Welcome back to Wealth Coffee Chats for a crucial Tuesday tax edition. This week, tax financial advisor Anthony Warpenden breaks down the biggest shift in self-managed super fund (SMSF) investing regulations in the last 20 years. Following a late-stage political deal between the Albanese government and the Greens, the newly passed Treasury laws amendment bill has introduced a sweeping ban on new limited recourse borrowing arrangements (LRBAs) for residential property, taking full effect on August 10, 2026. We unpack the hidden mechanics of this legislation, explain how it ties into broader changes to capital gains tax (CGT) discounts and negative gearing, and highlight the critical exemptions that keep commercial property lending and cash-rich funds alive and well.
What We Covered
- The Blueprint of the SMSF Residential Lending Ban: How a new condition inserted into Section 67A of the SIS Act completely removes the ability to use borrowing arrangements for houses, townhouses, and apartments.
- The Labor-Greens Senate Alliance: The political bargaining that surrendered the superannuation “escape hatch” in order to secure broader reforms to negative gearing and capital gains tax discounts.

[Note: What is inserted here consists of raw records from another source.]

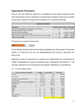 inicio del proyecto como lo maquinara y herramientas necesaria al igual que los costos
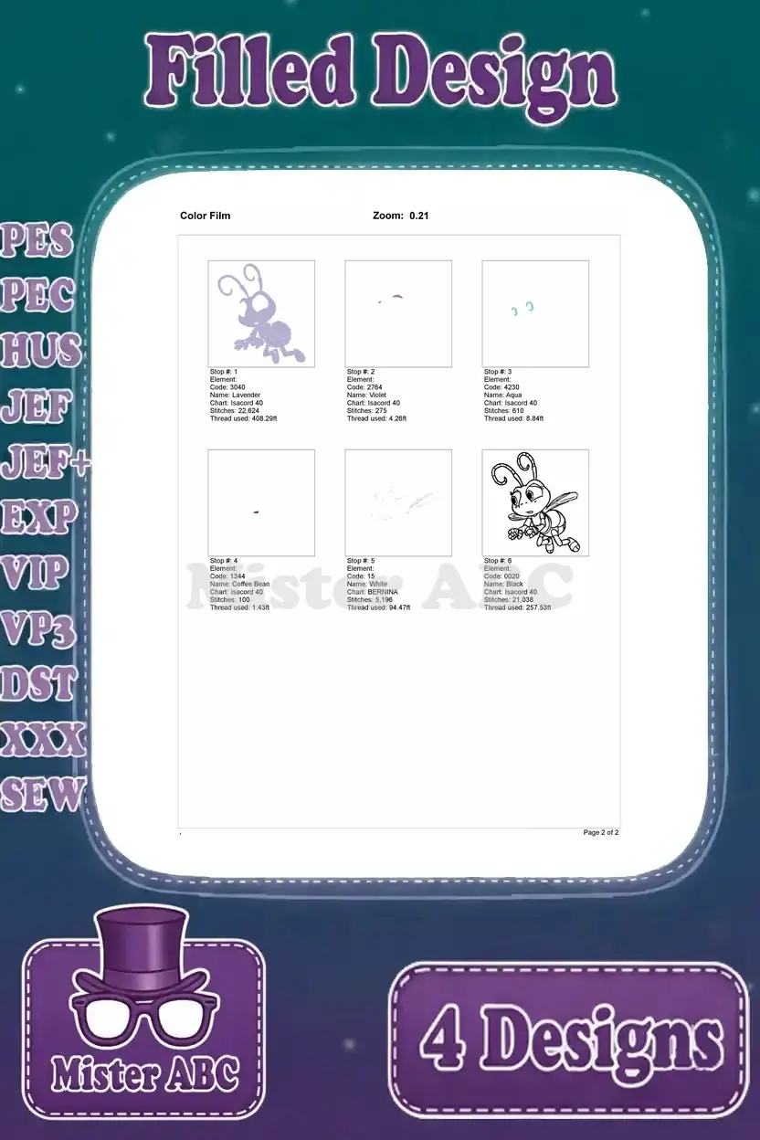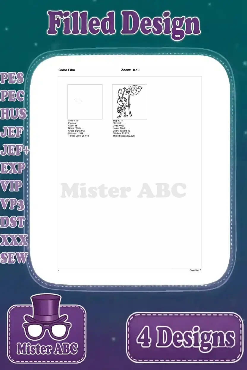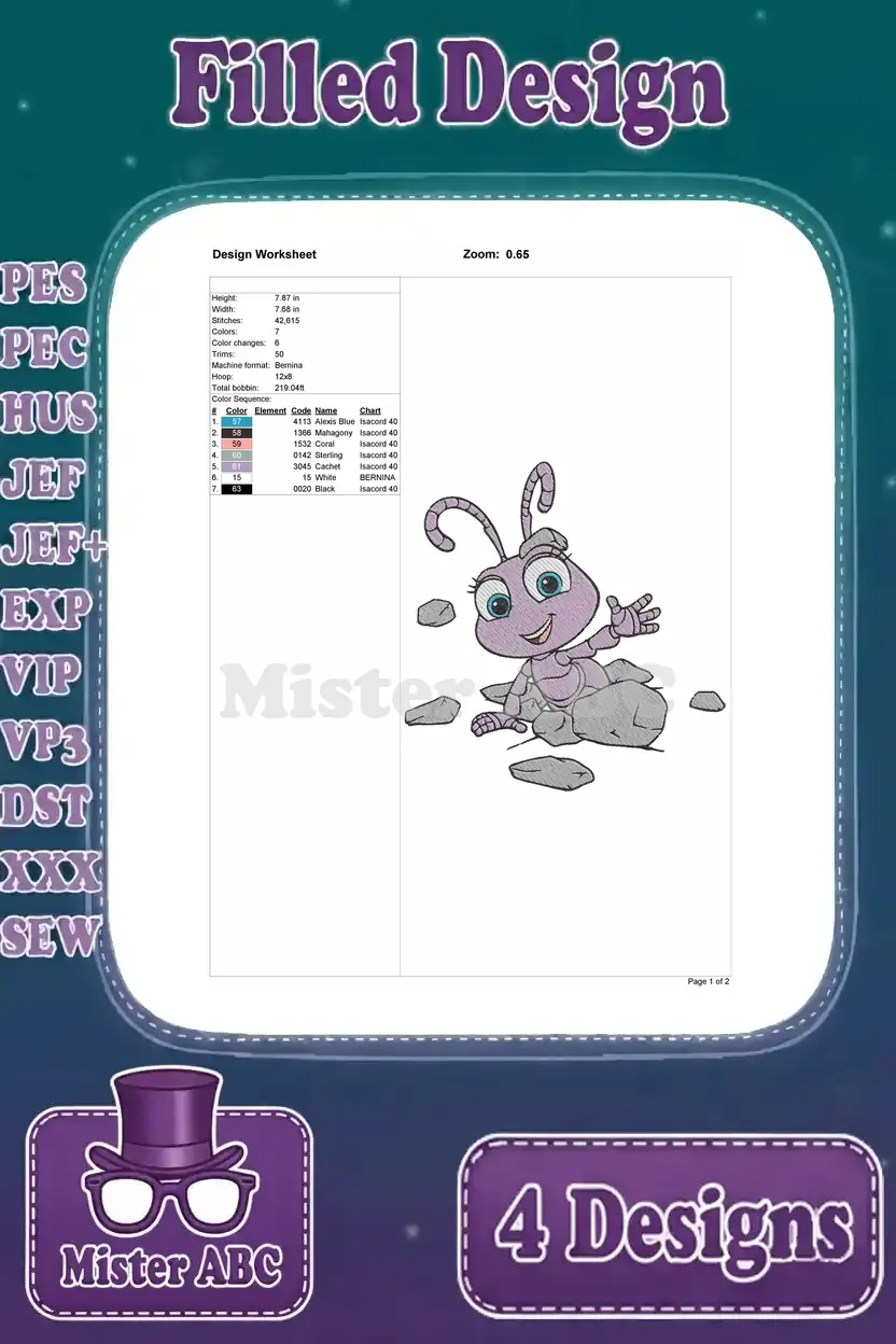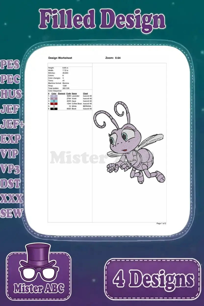 Disney A Bugs Life Princess Dot Ant Adventurer Leaf Shield Running Brave Pup – Filled Embroidery Design
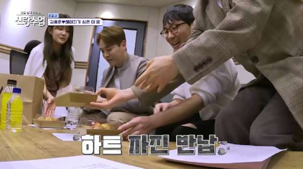 안근영은 직접 만든 샌드위치를 꺼내 스태프들에게 대접하는가 하면, "(딸기로 만든) 하트는 오빠 것~"이라고 달달한 멘트를 날렸다. 이후 두 사람은 노래로 호흡을 맞추며, 녹음실을 핑크빛으로 물들였다.

- The Three-Part Property Tax Overhaul: Understanding the macroeconomic shift moving investor capital away from established residential housing via full inflation-adjusted CGT calculations and quarantined negative gearing losses.

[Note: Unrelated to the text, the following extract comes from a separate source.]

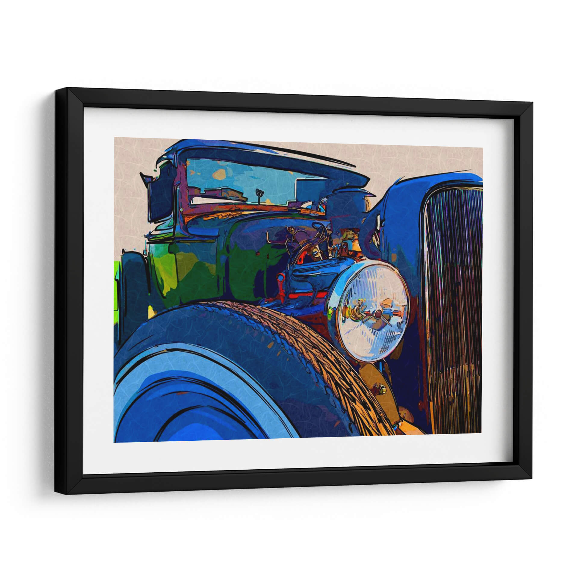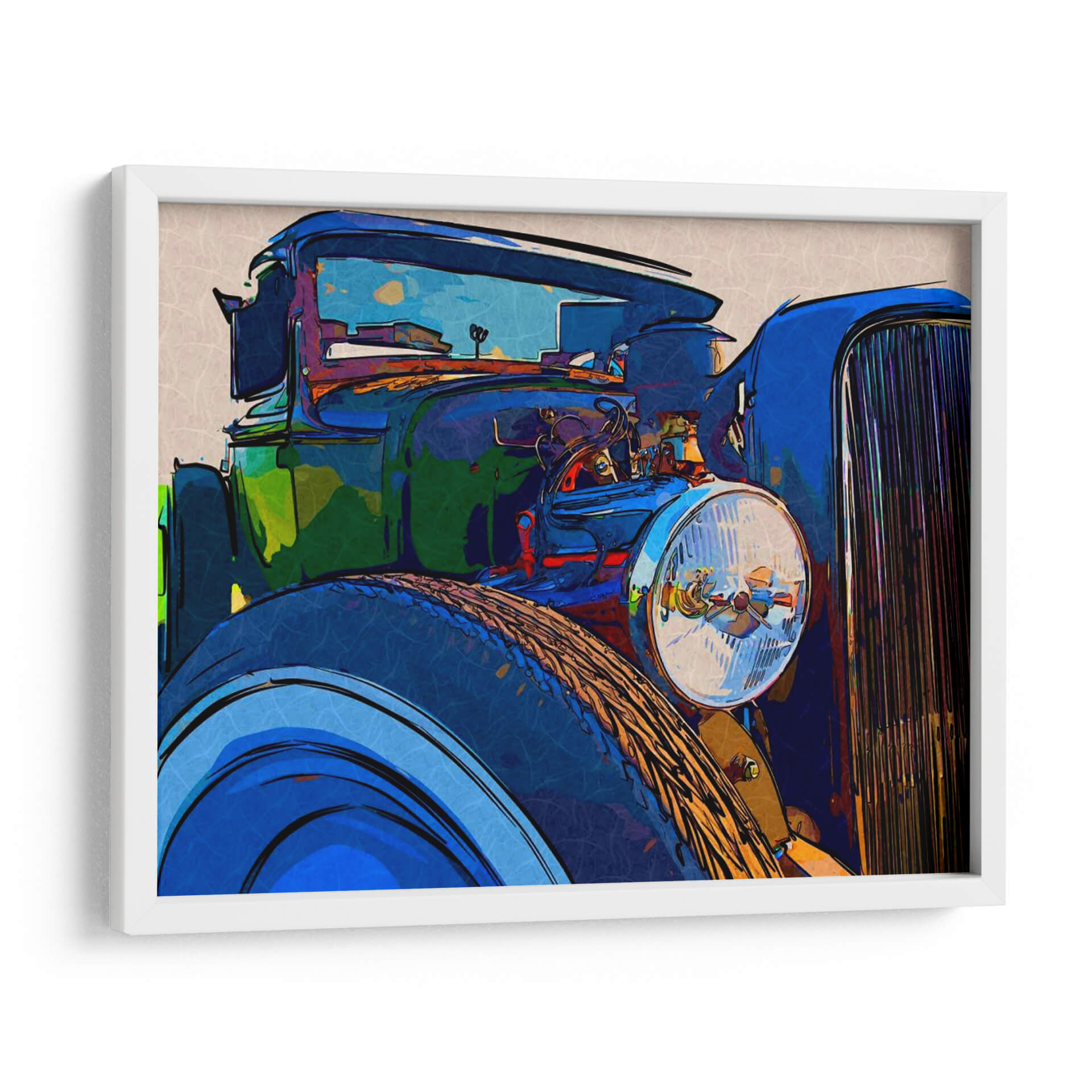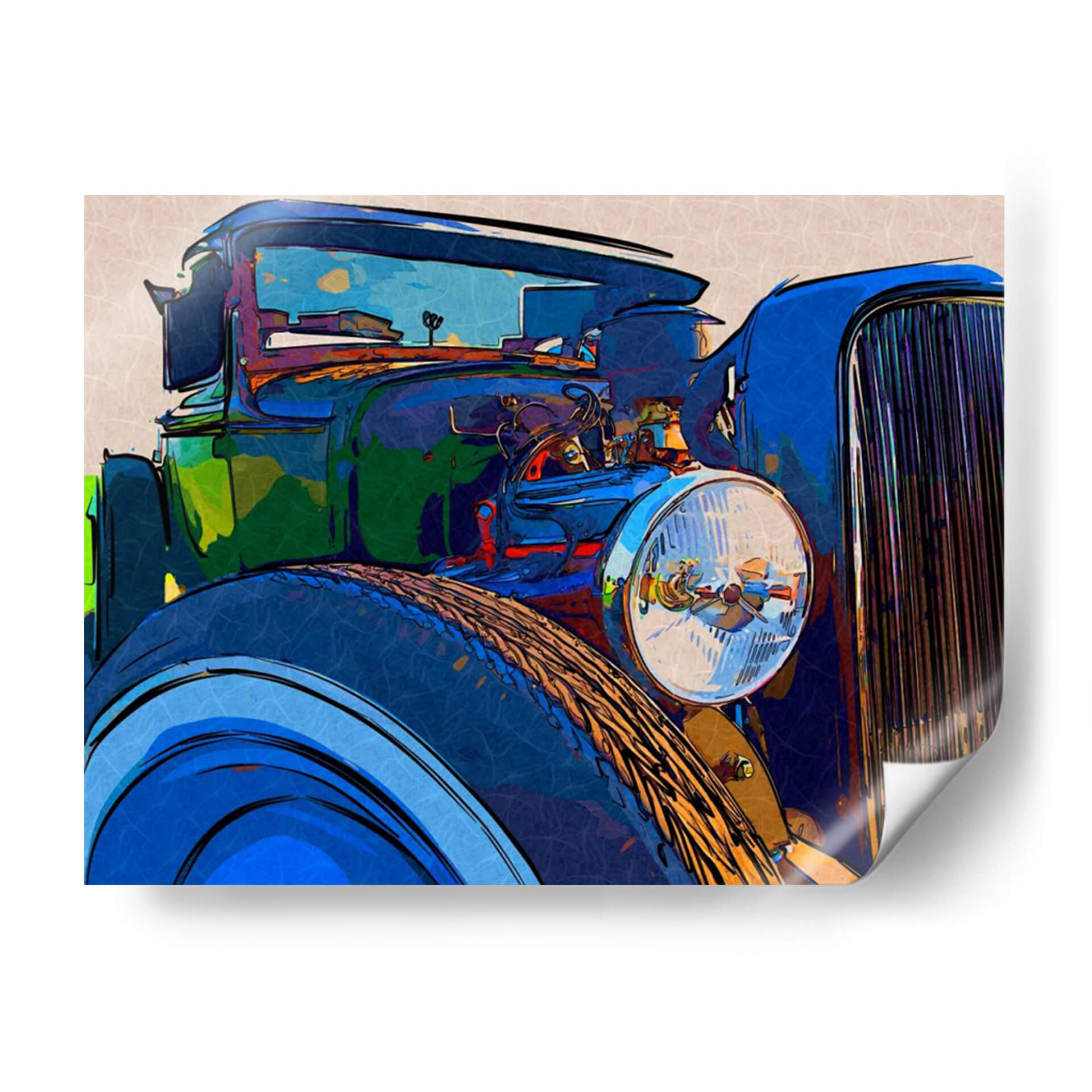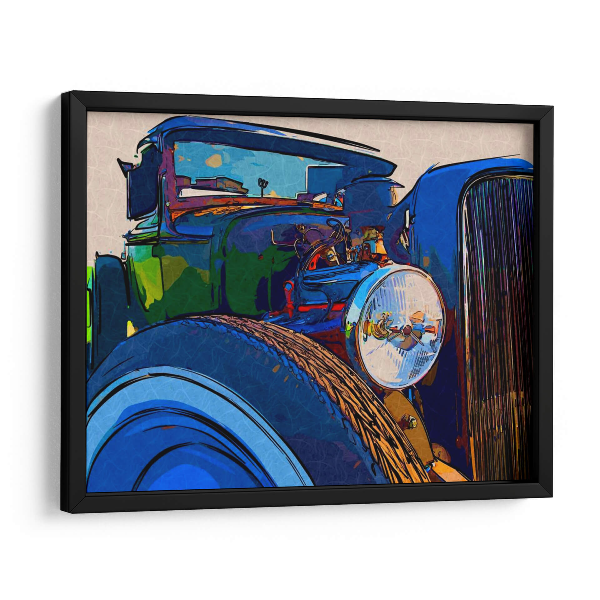 Sumérgete en la nostalgia y el estilo con 'Classic Cruisin I', una obra de arte que captura la esencia de los automóviles clásicos con una interpretación moderna y vibrante. Este cuadro decorativo presenta un primer plano detallado de un vehículo de época, destacando sus líneas curvas y su imponente parrilla. La paleta de colores, dominada por azules intensos, verdes profundos y toques de naranja y rojo, crea una atmósfera enérgica y dinámica. El estilo artístico, que fusiona elementos del arte pop y la abstracción, le otorga una cualidad única y contemporánea, perfecta para añadir un punto focal audaz a cualquier espacio. Ideal para los amantes de los coches clásicos, los entusiastas del diseño retro o cualquiera que busque una pieza de conversación que transmita carácter y sofisticación. Este cuadro es más que una simple decoración; es una declaración de estilo que evoca libertad, aventura y un aprecio por la ingeniería automotriz icónica. Añade un toque de elegancia atemporal a tu sala de estar, estudio u oficina con esta impresionante representación artística que celebra la era dorada del automovilismo.

- Strict Grandfathering Rules: Why existing residential LRBAs are entirely safe from the new law, providing peace of mind for current fund structures.
- The Refinancing Nuance: How grandfathered accounts retain the legal right to refinance with new lenders for better interest rates, provided they do not increase the core borrowing amount.

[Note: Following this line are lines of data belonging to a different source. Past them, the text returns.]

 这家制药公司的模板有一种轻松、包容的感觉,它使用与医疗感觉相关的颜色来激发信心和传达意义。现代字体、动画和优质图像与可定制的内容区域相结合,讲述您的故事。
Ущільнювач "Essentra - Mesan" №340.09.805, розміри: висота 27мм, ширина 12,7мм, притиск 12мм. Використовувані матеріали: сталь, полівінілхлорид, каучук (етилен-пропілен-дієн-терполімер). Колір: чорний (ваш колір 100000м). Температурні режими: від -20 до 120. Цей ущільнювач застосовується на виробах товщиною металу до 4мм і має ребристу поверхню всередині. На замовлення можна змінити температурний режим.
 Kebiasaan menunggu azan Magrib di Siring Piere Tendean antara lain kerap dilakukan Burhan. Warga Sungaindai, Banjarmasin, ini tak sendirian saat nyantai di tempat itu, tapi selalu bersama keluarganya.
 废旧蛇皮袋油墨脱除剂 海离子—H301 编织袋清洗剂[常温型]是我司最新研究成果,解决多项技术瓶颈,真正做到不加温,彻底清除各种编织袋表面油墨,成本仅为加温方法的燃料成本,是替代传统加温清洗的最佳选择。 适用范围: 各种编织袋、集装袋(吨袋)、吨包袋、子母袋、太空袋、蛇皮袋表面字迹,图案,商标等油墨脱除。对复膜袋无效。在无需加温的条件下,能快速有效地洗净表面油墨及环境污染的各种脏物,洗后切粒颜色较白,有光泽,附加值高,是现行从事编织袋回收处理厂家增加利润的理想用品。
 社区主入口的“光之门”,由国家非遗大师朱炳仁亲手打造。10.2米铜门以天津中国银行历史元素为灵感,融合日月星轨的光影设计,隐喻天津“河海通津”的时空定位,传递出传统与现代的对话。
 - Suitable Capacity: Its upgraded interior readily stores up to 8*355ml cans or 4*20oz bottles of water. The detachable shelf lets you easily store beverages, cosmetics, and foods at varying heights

- The Critical Contract Deadlines: Why the contract exchange date—not the settlement date—is the absolute legal trigger determining whether a property is protected under the old rules before August 10, 2026.
- Commercial Property Exemptions: Why “business real property” (such as warehouses, retail spaces, offices, and farms) remains 100% untouched and serves as an incredibly lucrative strategy for small business owners.
- Unleveraged Residential Property Ownership: Why SMSFs with high pooled cash balances can still purchase residential real estate outright to capture the 15% accumulation tax and 0% pension phase perks.
3 Key Takeaways
- Contract Date is Everything Before August 10, 2026- For anyone caught mid-transaction, the ultimate line in the sand is the contract exchange date, not when the property finally settles. If your SMSF does not legally exchange contracts on a residential acquisition before August 10, 2026, the door for leveraging that asset inside super closes permanently.
- Existing Loans Become Legacy Assets to Protect- If your self-managed super fund already holds a leveraged residential property, you are completely grandfathered in. You can even switch lenders to chase sharper interest rates if necessary, but because you can never replace this setup once it is unwound, these legacy structures must be managed with extreme care.
- Property Inside Super Isn’t Dead—It Has Simply Changed Shape- While residential leverage is restricted, the core tax advantages of superannuation remain fully intact. Small business owners can still safely utilize an LRBA to buy their own commercial premises, pay rent directly to their own fund, and build wealth at a highly concessional 15% tax rate.